=== TASK ITEM ===
An exact restatement of the data is required, with the images omitted.

(Records from a collection)
________________________

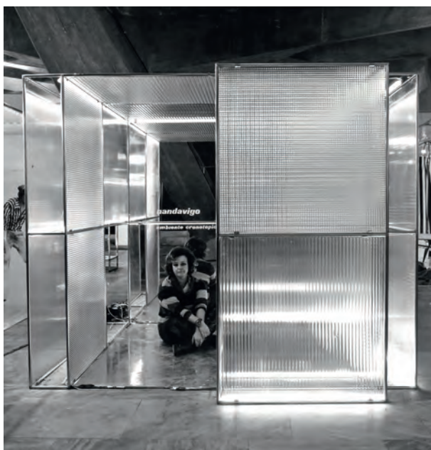
Nanda Vigo, Ambiente Cronotopico , 1968, Eurodomus, Torino, foto di Ugo Mulas © Archivio Nanda Vigo
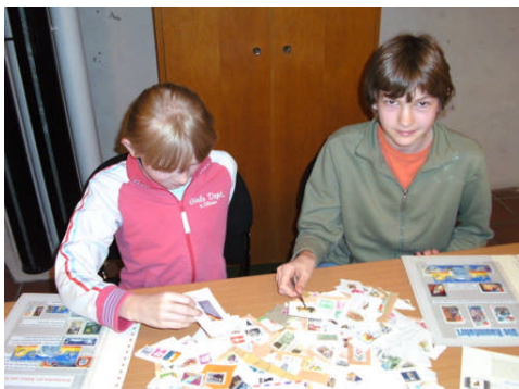
Zwei Eifrige suchen weitere Briefmarken zum Thema RAUMFAHRT
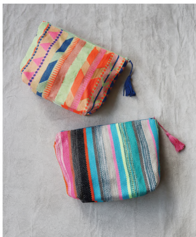
No./Color. k80954 Name. インディアジャガード ビッグポーチ Size. F (W26×D7×H19cm) Price. ¥2,200 (税込 ¥2,420) Material. 綿
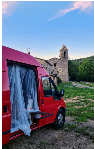
Figura 15. Esquemas, mediciones, foto instantánea y acuarela (a. 5) y figura 16. Noche ante la ermita Santa Maria dels Torrents, L'Espunyola (a. 5)
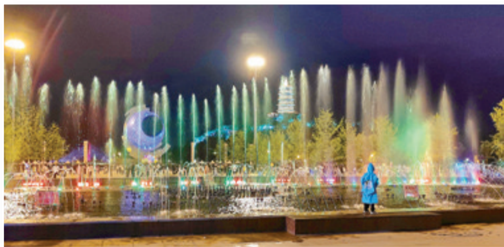
辽河半岛广场喷水池内的五彩水柱吸引了众多市民来此观看和嬉戏。
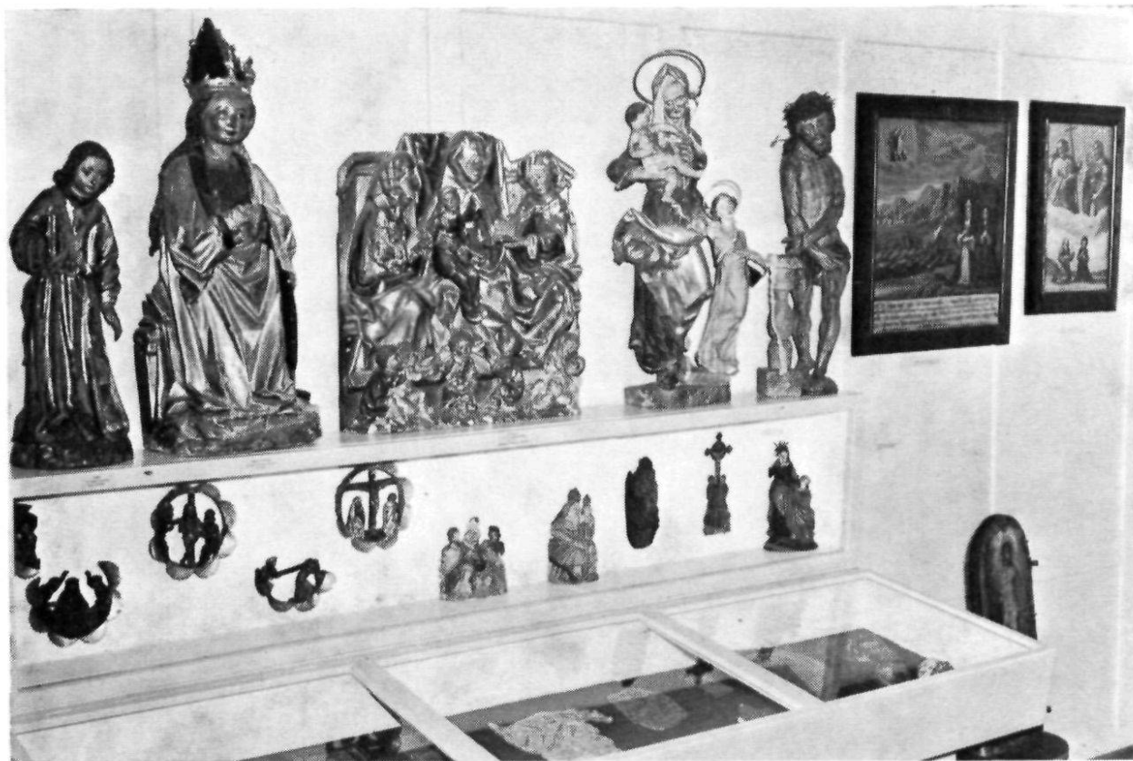
Appenzell, Heimatmuseum: Votivtafeln und kirchliche Plastiken
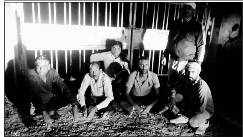
सेफरागुवार जीएसएस का घेराव कर बैठे किसान।

रात के समय 11 बजे से सुबह 4 बजे तक बिजली दी जाती है
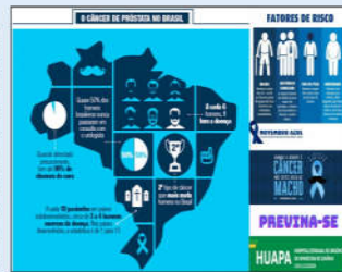
Wallpaper que será utilizado nos computadores da unidade até o fim do mês

Os murais espalhados pela unidade também vão expor materiais informativos sobre a temática. Para a diretoria da unidade, qualquer forma de reforçar a importância de se cuidar, é válida. "Por estarmos no meio de uma pandemia, essa foi uma das maneiras que encontramos de alertar os nossos colaboradores sobre a doença, que é o tipo de câncer mais frequente entre os homens brasileiros, depois do câncer de pele", destacou a diretora geral da
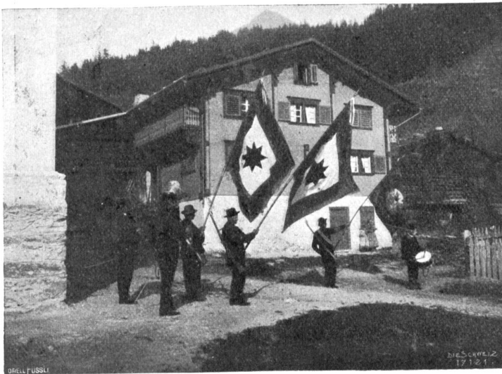
Knabenschaftsfahnen. Aufnahme aus Curaglia am Lufmanier.
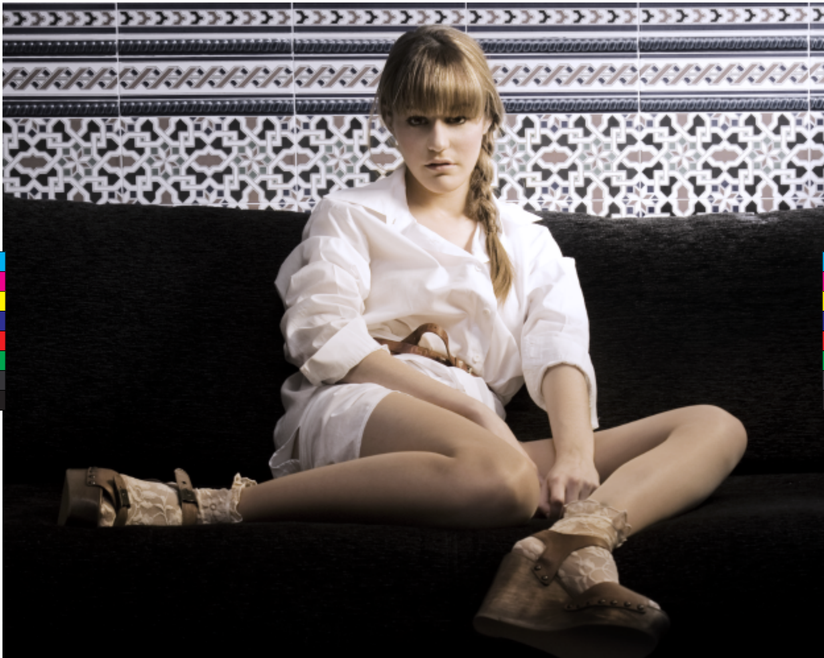
Camisa: Muda Cinturón: Vintage Calcetines: Calzedonia Zapatos: De la estilista
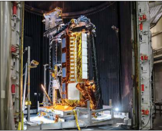
جزء من قمر اصطناعي أميركي - هندي

واشنطن - أ.ف.ب: أطلق أمس قمر اصطناعي راداري جديد طورته الهند والولايات المتحدة بشكل مشترك، تتمثل مهمته بمراقبة أي تغيرات طفيفة في اليابسة أو الأسطح الجليدية على الأرض والمساعدة في التنبؤ بالمخاطر الطبيعية وتلك الناتجة عن الأنشطة البشرية. انطلق القمر الاصطناعي المسمى «نيسار» NISAR ويعادل حجمه حجم شاحنة صغيرة، من «مركز ساتيش داوان للفضاء» على الساحل الجنوبي الشرقي للهند، على متن صاروخ من مركبة لإطلاق الأقمار الاصطناعية المتزامنة مع الأرض تتبع للمنظمة الهندية لأبحاث الفضاء.
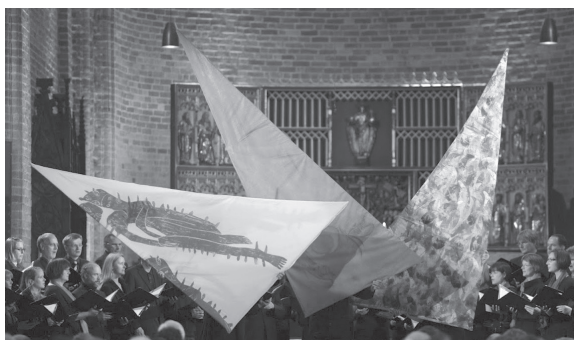
Gründungsgottesdienst im Ratzeburger Dom

Gottes Geist war als lebendige Kraft zu spüren über die Mauer hinweg, als die
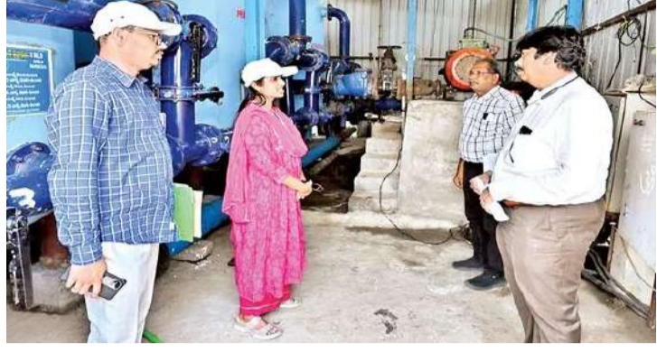
కలెక్టర్ డా.పి. సిరి
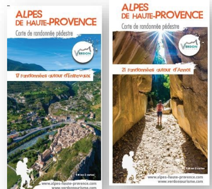
Autour d'Annot / Autour d'Entrevaux Lot de 2 cartes - 38 randonnées
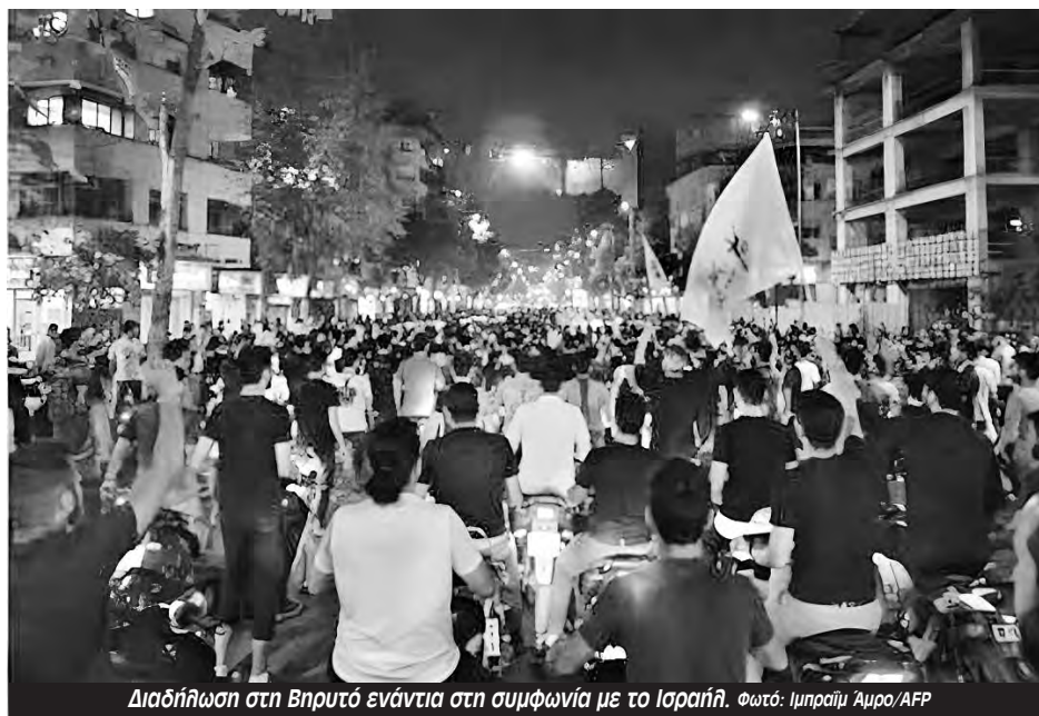
Διαδήλωση στη Βηρυτό ενάντια στη συμφωνία με το Ισραήλ.

αυτή την κατοχή -για άγνωστο πόσα χρόνια. «Μέχρι το Ισραήλ να τα προσαρτήσει τελικά», λένε κάποιοι.
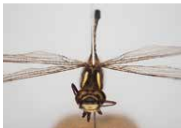
ムカシトンボの成虫

日本にはこんな個性豊かな固有種がたくさん暮らしています。日本は南北に長く、気候変動などから逃れるための移動が可能で、それが生物多様性の高さの一因ではないかともいわれています。すべての生きものは長い時間をかけて、絶妙なバランスの上で生きています。どうすれば日本の、地球の宝である大切な生きものを守れるのか、だれもが考えることのできる時代になるとよいですね。
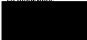
Mgr. Jiří Zemánek 1. náměstek hejtmána
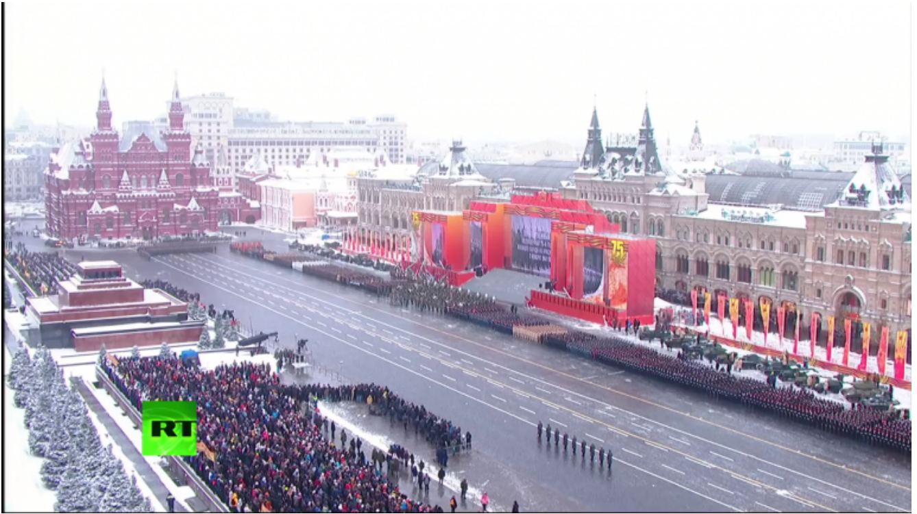
Scenografia della manifestazione.

L'intervento militare simulato evoca la difesa di Mosca e si sviluppa con roboante retorica e non senza un'ingenuità che non può non ricordare certo cinema real-socialista.
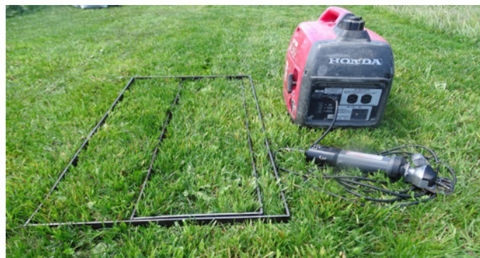
Figura 2. Equipo para el muestreo de con marco

El cálculo de la disponibilidad de forraje mediante un método directo de corte es el procedimiento más exacto y objetivo. Sin embargo, tiene la desventaja de requerir mucho tiempo tanto en la recolección de la muestra como en el secado de una submuestra para estimar MS. Para conocer otros métodos indirectos consulte las fichas técnicas INIA nº 15, 16 y 17.
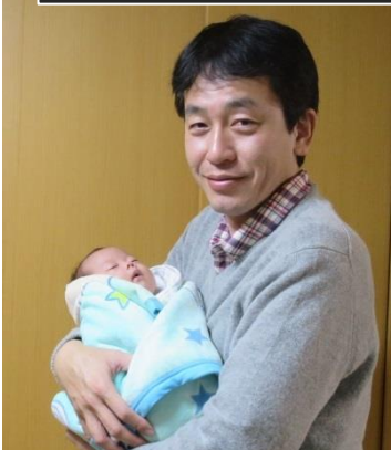
双子の姪っ子が誕生！
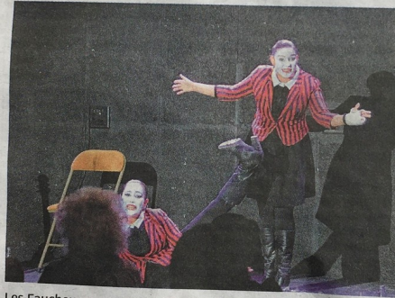
Les Faucheuses ont captivé l'auditoire pendant plus d'une heure, ce mercredi soir.
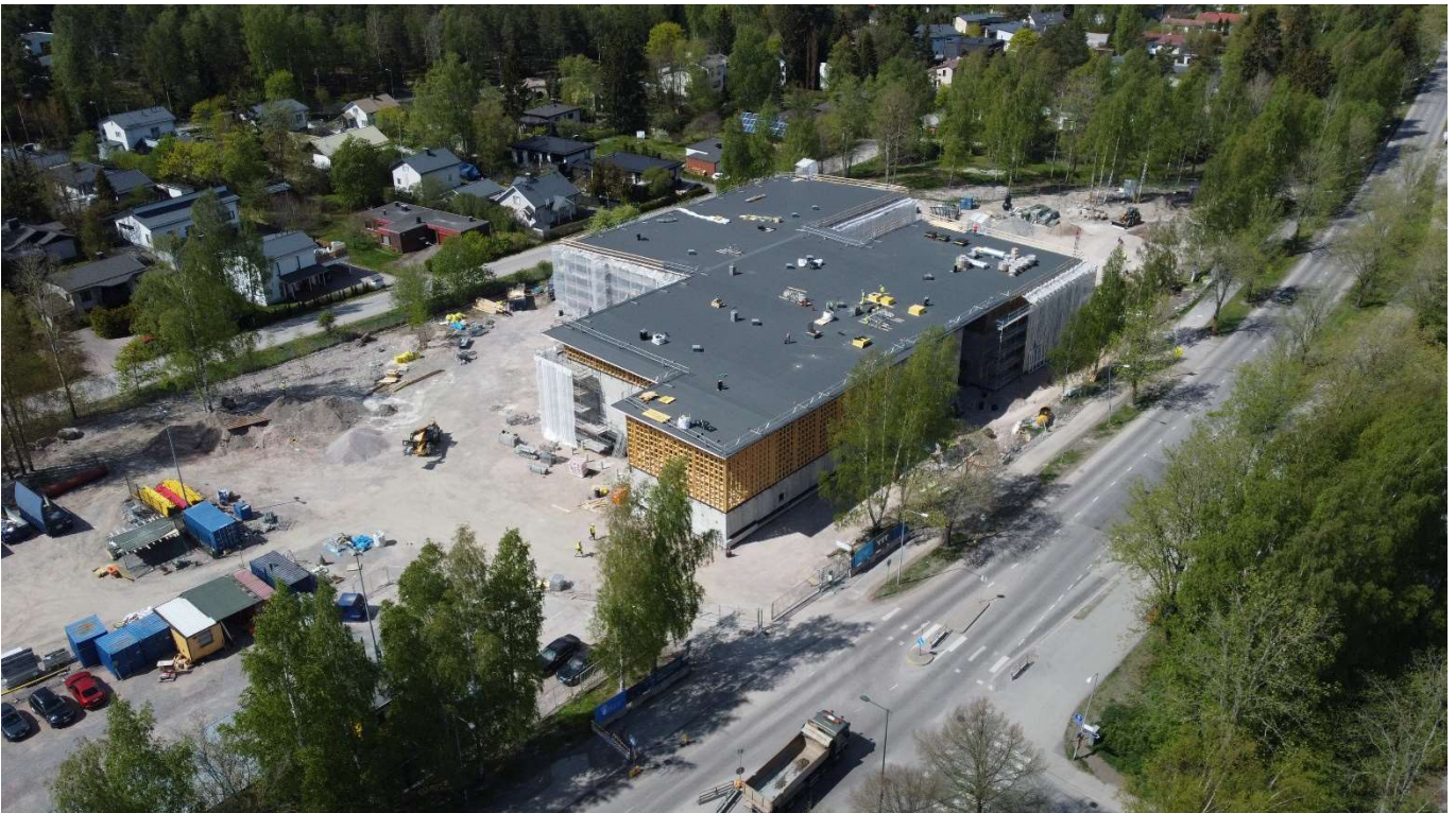
Koulun vesikattotyöt valmistumassa

________________________

=== COMPLETED TASK ===
Nanda Vigo, Ambiente Cronotopico , 1968, Eurodomus, Torino, foto di Ugo Mulas © Archivio Nanda Vigo
Zwei Eifrige suchen weitere Briefmarken zum Thema RAUMFAHRT
No./Color. k80954 Name. インディアジャガード ビッグポーチ Size. F (W26×D7×H19cm) Price. ¥2,200 (税込 ¥2,420) Material. 綿
Figura 15. Esquemas, mediciones, foto instantánea y acuarela (a. 5) y figura 16. Noche ante la ermita Santa Maria dels Torrents, L'Espunyola (a. 5)
辽河半岛广场喷水池内的五彩水柱吸引了众多市民来此观看和嬉戏。
Appenzell, Heimatmuseum: Votivtafeln und kirchliche Plastiken
सेफरागुवार जीएसएस का घेराव कर बैठे किसान।

रात के समय 11 बजे से सुबह 4 बजे तक बिजली दी जाती है
Wallpaper que será utilizado nos computadores da unidade até o fim do mês

Os murais espalhados pela unidade também vão expor materiais informativos sobre a temática. Para a diretoria da unidade, qualquer forma de reforçar a importância de se cuidar, é válida. "Por estarmos no meio de uma pandemia, essa foi uma das maneiras que encontramos de alertar os nossos colaboradores sobre a doença, que é o tipo de câncer mais frequente entre os homens brasileiros, depois do câncer de pele", destacou a diretora geral da
Knabenschaftsfahnen. Aufnahme aus Curaglia am Lufmanier.
Camisa: Muda Cinturón: Vintage Calcetines: Calzedonia Zapatos: De la estilista
جزء من قمر اصطناعي أميركي - هندي

واشنطن - أ.ف.ب: أطلق أمس قمر اصطناعي راداري جديد طورته الهند والولايات المتحدة بشكل مشترك، تتمثل مهمته بمراقبة أي تغيرات طفيفة في اليابسة أو الأسطح الجليدية على الأرض والمساعدة في التنبؤ بالمخاطر الطبيعية وتلك الناتجة عن الأنشطة البشرية. انطلق القمر الاصطناعي المسمى «نيسار» NISAR ويعادل حجمه حجم شاحنة صغيرة، من «مركز ساتيش داوان للفضاء» على الساحل الجنوبي الشرقي للهند، على متن صاروخ من مركبة لإطلاق الأقمار الاصطناعية المتزامنة مع الأرض تتبع للمنظمة الهندية لأبحاث الفضاء.
Gründungsgottesdienst im Ratzeburger Dom

Gottes Geist war als lebendige Kraft zu spüren über die Mauer hinweg, als die
కలెక్టర్ డా.పి. సిరి
Autour d'Annot / Autour d'Entrevaux Lot de 2 cartes - 38 randonnées
Διαδήλωση στη Βηρυτό ενάντια στη συμφωνία με το Ισραήλ.

αυτή την κατοχή -για άγνωστο πόσα χρόνια. «Μέχρι το Ισραήλ να τα προσαρτήσει τελικά», λένε κάποιοι.
ムカシトンボの成虫

日本にはこんな個性豊かな固有種がたくさん暮らしています。日本は南北に長く、気候変動などから逃れるための移動が可能で、それが生物多様性の高さの一因ではないかともいわれています。すべての生きものは長い時間をかけて、絶妙なバランスの上で生きています。どうすれば日本の、地球の宝である大切な生きものを守れるのか、だれもが考えることのできる時代になるとよいですね。
Mgr. Jiří Zemánek 1. náměstek hejtmána
Scenografia della manifestazione.

L'intervento militare simulato evoca la difesa di Mosca e si sviluppa con roboante retorica e non senza un'ingenuità che non può non ricordare certo cinema real-socialista.
Figura 2. Equipo para el muestreo de con marco

El cálculo de la disponibilidad de forraje mediante un método directo de corte es el procedimiento más exacto y objetivo. Sin embargo, tiene la desventaja de requerir mucho tiempo tanto en la recolección de la muestra como en el secado de una submuestra para estimar MS. Para conocer otros métodos indirectos consulte las fichas técnicas INIA nº 15, 16 y 17.
双子の姪っ子が誕生！
Les Faucheuses ont captivé l'auditoire pendant plus d'une heure, ce mercredi soir.
Koulun vesikattotyöt valmistumassa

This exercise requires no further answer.